Court Clarifies the Scope of Underwriter Liability in Securities Class Actions

In LBP Holdings Ltd. v. Allied Nevada Gold Corp.,[1] the Ontario Superior Court of Justice considered a motion to add the underwriters of a bought deal secondary public offering as defendants to a proposed securities class action lawsuit. In allowing the motion with respect to only two of the plaintiff’s five proposed causes of action (both of which were not contested by the underwriters), the court clarified the nature and extent of underwriter liability, particularly in the context of primary and secondary market misrepresentation claims under the Ontario Securities Act (the “OSA”).[2]

The Facts

In May 2013, Allied Nevada Gold Corp. (“Allied Nevada”), a publically traded company, completed a US$150 million bought deal secondary public offering (the “Offering”) for which Dundee Securities and Cormack Securities (the “Underwriters”) acted as principals.[3]

The plaintiff, LBP Holdings Ltd. (“LBP”), purchased shares of Allied Nevada. After the price of Allied Nevada’s shares collapsed in the wake of alleged corrective disclosures, it launched a proposed class action for damages in July 2014.[4] In the action, LBP alleges that Allied Nevada made material misrepresentations regarding its operations and finances which were incorporated by reference in the prospectus filed for the Offering.[5]

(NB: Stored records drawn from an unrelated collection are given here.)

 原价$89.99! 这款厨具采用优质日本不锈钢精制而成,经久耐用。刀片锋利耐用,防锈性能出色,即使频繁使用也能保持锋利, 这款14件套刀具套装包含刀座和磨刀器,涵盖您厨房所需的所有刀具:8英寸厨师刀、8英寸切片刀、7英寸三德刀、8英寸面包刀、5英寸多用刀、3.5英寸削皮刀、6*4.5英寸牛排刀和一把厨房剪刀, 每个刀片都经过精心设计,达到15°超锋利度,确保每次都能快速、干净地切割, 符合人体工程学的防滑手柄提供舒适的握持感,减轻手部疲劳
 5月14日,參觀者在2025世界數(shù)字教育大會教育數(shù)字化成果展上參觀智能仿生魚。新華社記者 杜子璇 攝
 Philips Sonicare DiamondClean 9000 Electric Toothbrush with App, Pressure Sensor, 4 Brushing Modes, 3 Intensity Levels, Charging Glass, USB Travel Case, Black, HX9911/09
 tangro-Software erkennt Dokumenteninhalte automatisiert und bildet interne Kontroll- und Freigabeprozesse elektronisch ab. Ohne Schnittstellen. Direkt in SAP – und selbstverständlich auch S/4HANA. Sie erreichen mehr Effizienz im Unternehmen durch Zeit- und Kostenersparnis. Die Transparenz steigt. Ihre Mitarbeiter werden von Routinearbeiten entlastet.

In March 2015, Allied Nevada filed for protection under U.S. bankruptcy law and, two months later, LBP served its motion to add the Underwriters as defendants to the action.[6] In particular, LBP sought leave to amend its pleadings to assert five causes of action against the Underwriters, of which the following three were contested:[7]

  • a primary market statutory claim under Part XXIII of the OSA;
  • a secondary market statutory claim under Part XXIII.1 of the OSA; and
  • a claim for unjust enrichment seeking disgorgement of underwriting fees paid to the Underwriters.

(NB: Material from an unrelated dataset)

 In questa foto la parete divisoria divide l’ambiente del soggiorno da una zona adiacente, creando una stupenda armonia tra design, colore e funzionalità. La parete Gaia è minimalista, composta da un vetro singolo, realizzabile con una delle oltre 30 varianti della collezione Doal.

The Test to Amend Pleadings and Add Additional Defendants

Under Rule 26.01 of Ontario’s Rules of Civil Procedure,[8] a court will grant leave to amend a pleading to add a new defendant unless the proposed defendant can show:[9]

  • that non-compensable prejudice would result from the amendment, or
  • that the claim being advanced is untenable at law.

The court determined that the Underwriters would not suffer non-compensable prejudice if LBP’s amendments were permitted. With respect to whether LBP’s claims were untenable at law, the court confirmed that it must be “plain and obvious” that the proposed claim discloses no reasonable cause of action. Conversely, if a claim, read generously, has a reasonable prospect of success, it will be allowed.[10]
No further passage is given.